Exercise prompt
Starting at the top of the records below, write out each line exactly as it stands, stopping after the line with "皇甫龙斗为什么杀掉曹焱兵父母(皇甫龙斗)"; exclude the pictures.

Given data
*** Begin section ***

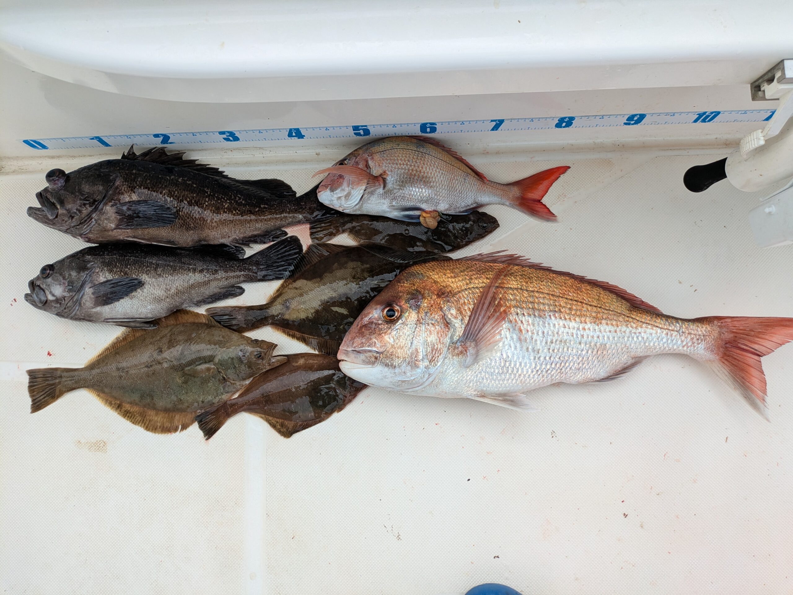朝一、うねりがあり佐渡沖には出れそうになく、しばらく近海で真鯛に遊んで頂きました。
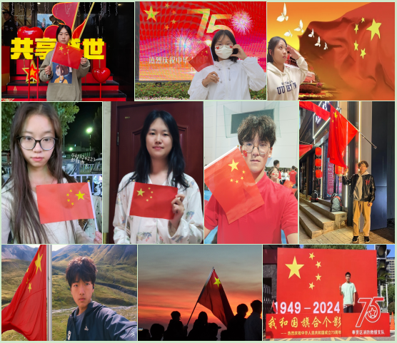 为庆祝新中国成立75周年,10月1日至2日,太阳成集团tyc151cc本科生与研究生党支部联合举办了“我和国旗合个影”爱国主义主题活动,吸引了全院员工的积极参与。
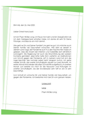 Verteilung der Corona-Hilfe und ein Dankesbrief von Bao Long.
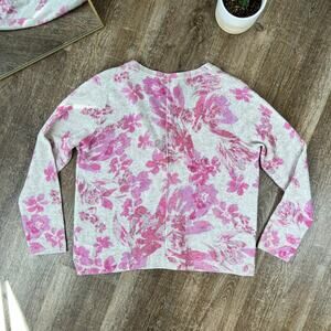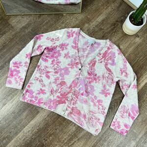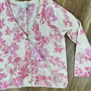 Pure Collection Floral Cashmere Button Up Cardigan Sweater Pink Sweet
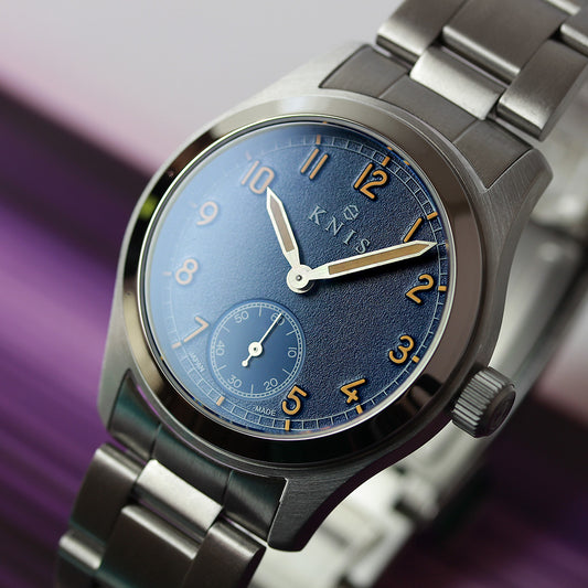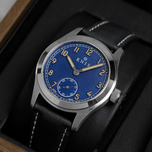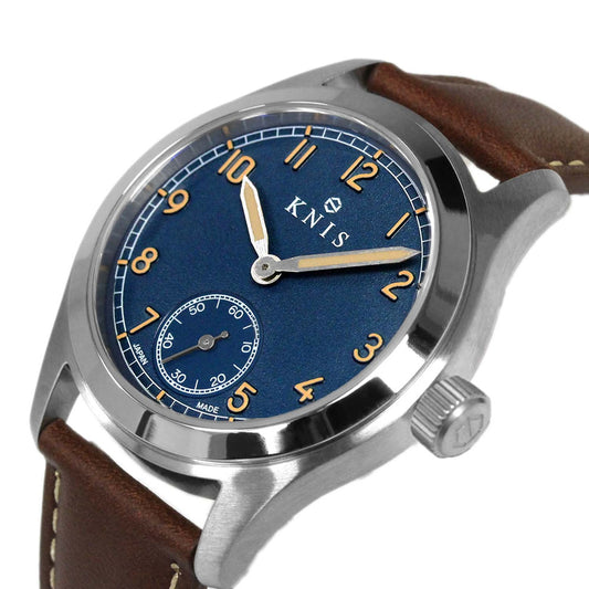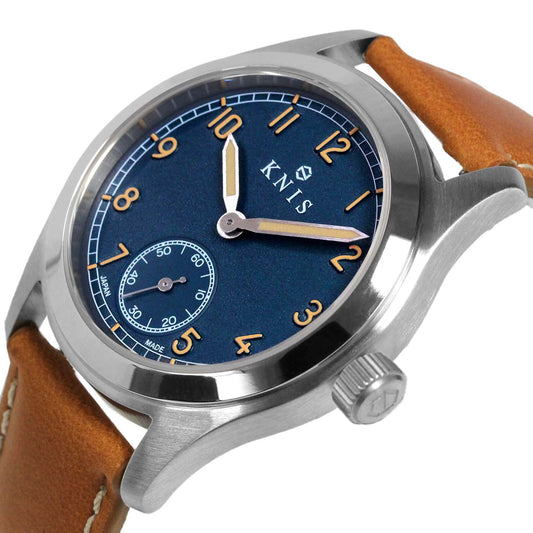 KNIS Retro Military Watch - Blue Dial with Navy Leather Strap KN003-BLNVLE
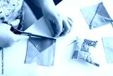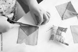 patchwork and quilting in the workshop of tailor woman - close-up on tailor scissors cuts the thread on the blue and yellow scraps of fabric for patchwork on the desktop with thread, pins and cushion
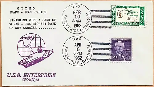 ![]() USS Enterprise, official postmark and cachet mailed during Guantanamo (GITMO) Shake Down Cruise 10 February 1962 |
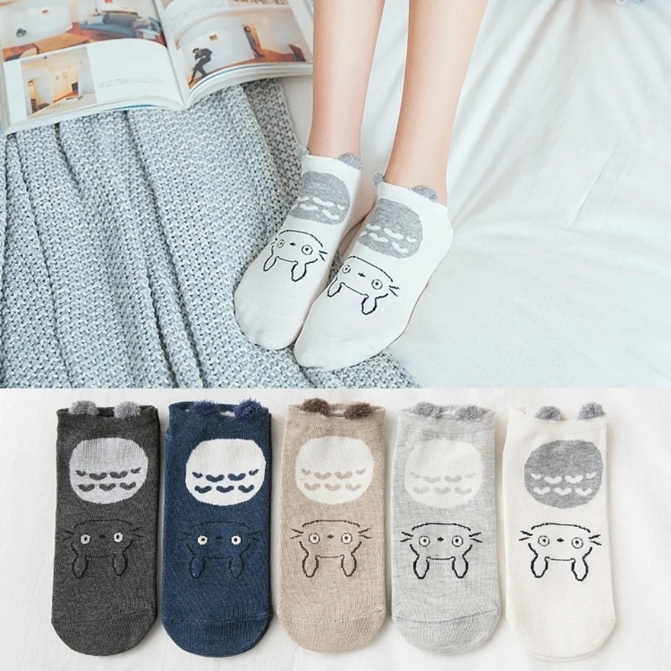 Милые Удобные женские короткие носки из чистого хлопка с рисунком в японском стиле, 5 парлот, высококачественные модные смешные носки на все сезоны
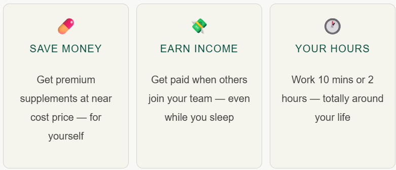 For just $9.95 (£7.50) a month, plus a one-time $40 (£30) affiliate fee, you get access to all the products at member prices AND the opportunity to build a team and earn residual income. That’s income that keeps coming in — even on your bad days, your flare-up days, your “I haven’t left the house” days.
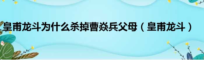 皇甫龙斗为什么杀掉曹焱兵父母(皇甫龙斗)
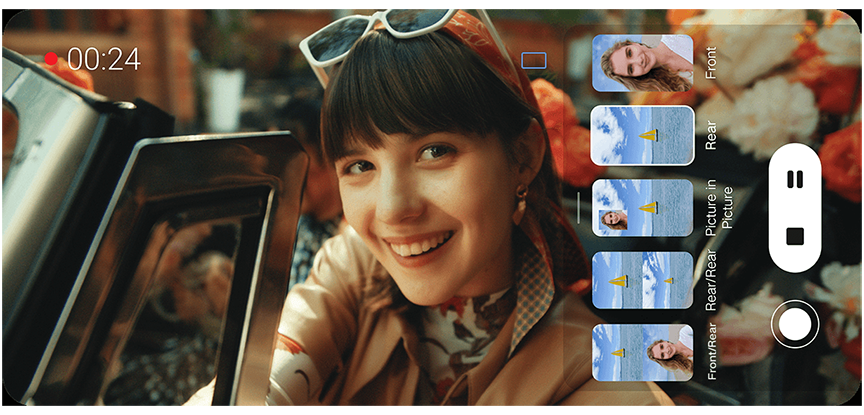 عند تصوير الفيديو بعدسات متعددة، يمكن استخدام الكاميرا الأمامية والخلفية في نفس الوقت، لتحصل على مقاطع مذهلة وأكثر تناغماً لكل ما يدور حولك سواء لأشخاص أو مناظر طبيعية.

*** End section ***

Your solution
朝一、うねりがあり佐渡沖には出れそうになく、しばらく近海で真鯛に遊んで頂きました。
 为庆祝新中国成立75周年,10月1日至2日,太阳成集团tyc151cc本科生与研究生党支部联合举办了“我和国旗合个影”爱国主义主题活动,吸引了全院员工的积极参与。
 Verteilung der Corona-Hilfe und ein Dankesbrief von Bao Long.
 Pure Collection Floral Cashmere Button Up Cardigan Sweater Pink Sweet
 KNIS Retro Military Watch - Blue Dial with Navy Leather Strap KN003-BLNVLE
 patchwork and quilting in the workshop of tailor woman - close-up on tailor scissors cuts the thread on the blue and yellow scraps of fabric for patchwork on the desktop with thread, pins and cushion
 ![]() USS Enterprise, official postmark and cachet mailed during Guantanamo (GITMO) Shake Down Cruise 10 February 1962 |
 Милые Удобные женские короткие носки из чистого хлопка с рисунком в японском стиле, 5 парлот, высококачественные модные смешные носки на все сезоны
 For just $9.95 (£7.50) a month, plus a one-time $40 (£30) affiliate fee, you get access to all the products at member prices AND the opportunity to build a team and earn residual income. That’s income that keeps coming in — even on your bad days, your flare-up days, your “I haven’t left the house” days.
 皇甫龙斗为什么杀掉曹焱兵父母(皇甫龙斗)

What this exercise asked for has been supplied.